# ironic things you've heard from a martial artist



## angrywhitepajamas (Aug 4, 2010)

what are some of the most ironic or hilarious things you've heard from or about martial artists?

For myself two things top the list;
A visitor to my dojo once told me "thats no way to treat a yon dan" (4rth black belt).
secondly a friend of mine was working as a security guard at a MA gathering as required for gatherings over 100 people, and called to complain that there was "no fights, just lots of meditation and shogi."


----------



## Whitebelt (Aug 5, 2010)

I bet this one happens a lot; when I'm trying to teach a choke and they eventually get it right they get a strangled and guttural "that's excellent!" from me before some ironically happy tapping out.


----------



## Ken Morgan (Aug 5, 2010)

A newbie on his first day of iaido class, "Oh I don't need a wooden sword, I brought my own authentic ninja sword."

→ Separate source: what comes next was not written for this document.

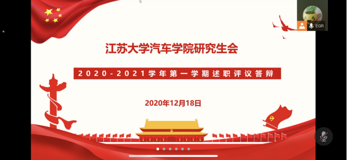 为了推动院研究生会工作制度化和规范化,充分其发挥桥梁和纽带作用,12月18日,汽车学院在腾讯会议上举办2020-2021学年研究生会学院第一学期述职评议答辩会。会议由徐志建同学主持,院党委副书记、副院长杨建,院团委副书记陈佳楠,辅导员刘波涛以及四名学生代表担任评委,全体研究生会部长及以上成员参与答辩会。
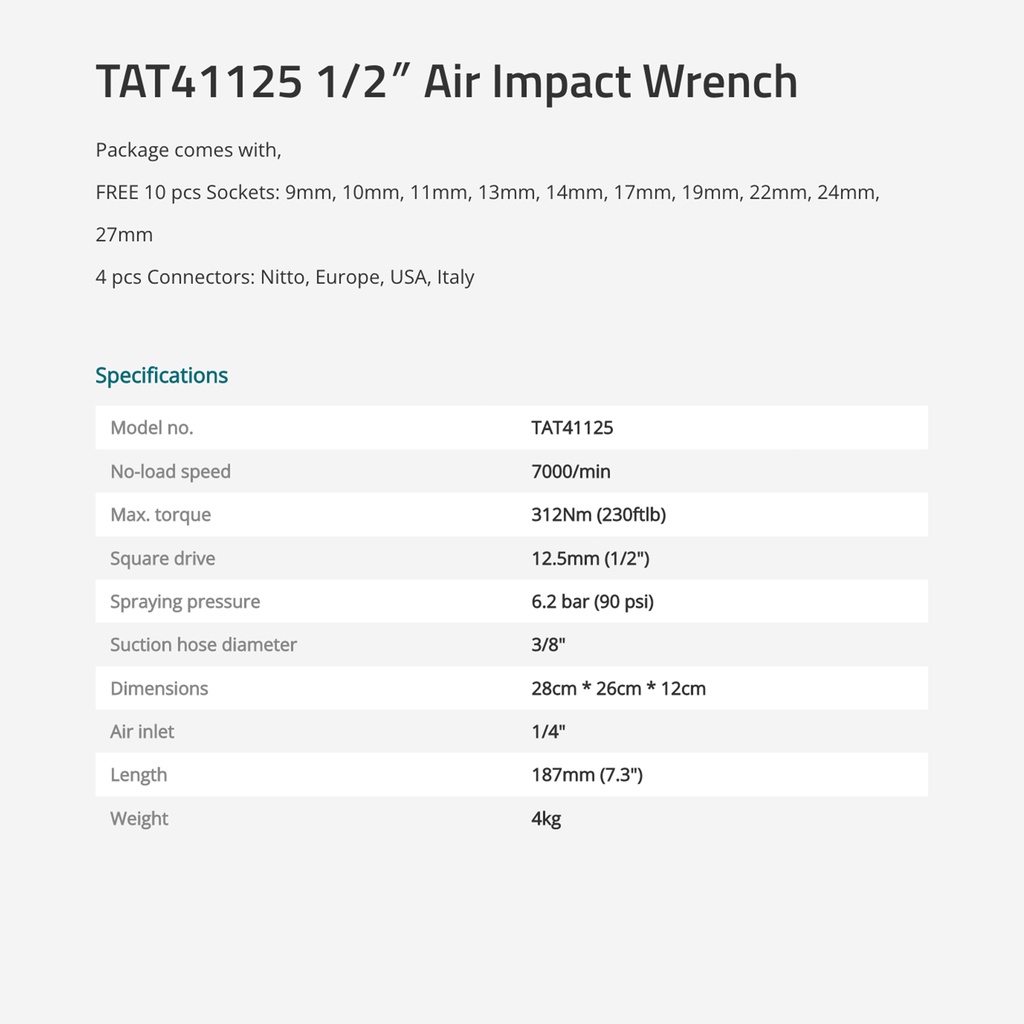 TOTAL Air Impact Wrench (1/2"/312Nm) [Free Sockets 10 Pcs 9mm-27mm + Connectors 4 Pcs Nitto/EU/US] TAT41125

A newbie on his first day of jodo class, "Oh well why wouldn't you have free sparing with a jo and bokken? it just can't be any good then".


----------



## Bill Mattocks (Aug 5, 2010)

Whitebelt said:


> I bet this one happens a lot; when I'm trying to teach a choke and they eventually get it right they get a strangled and guttural "that's excellent!" from me before some ironically happy tapping out.



Similar...

As a student, I've been hit mighty hard by a few fellow karateka in dojo, and I never thought my first response to being planted on my butt by a punch or kick would be to jump to my feet and say _"Wow, what a shot, that was great!"_  But it's honest admiration that I feel, even if I'm a trifle embarrassed that I didn't manage to stop it.


----------



## Carol (Aug 5, 2010)

Same here.  I've even laughed.  "That was awesome!  I can't believe I didn't see that!"


----------



## Chris Parker (Aug 5, 2010)

Kinda similar.... I've been known, when stepping in to be Uke for a student to learn to apply a technique properly, say things such as "No, that's not right... see how I'm still standing? Try again..."


----------



## Stac3y (Aug 5, 2010)

When someone (usually a man) lands a pop to my face or head, and says, "Are you okay?" My response is, "Of course. Are YOU?"


----------



## Aikikitty (Aug 5, 2010)

Me a few years back when a "new" wristlock or technique was applied on me by sensei or advanced student: "WOW!  That was awesome!  Can you do it on me again?  PLEASE??!!"


----------



## CoryKS (Aug 5, 2010)

Whitebelt said:


> I bet this one happens a lot; when I'm trying to teach a choke and they eventually get it right they get a strangled and guttural "that's excellent!" from me before some ironically happy tapping out.


 
Yup.  Never before have I seen so many guys respond to a groin kick by groaning, dropping to the ground and saying, "Nice shot!"


----------



## Drac (Aug 6, 2010)

I once attended a week long class put on by teachers from a well known company that makes it living instructing LEO's..One of the teachers started the class by stating that " all martial arts are bullsheet.


----------



## Xue Sheng (Aug 6, 2010)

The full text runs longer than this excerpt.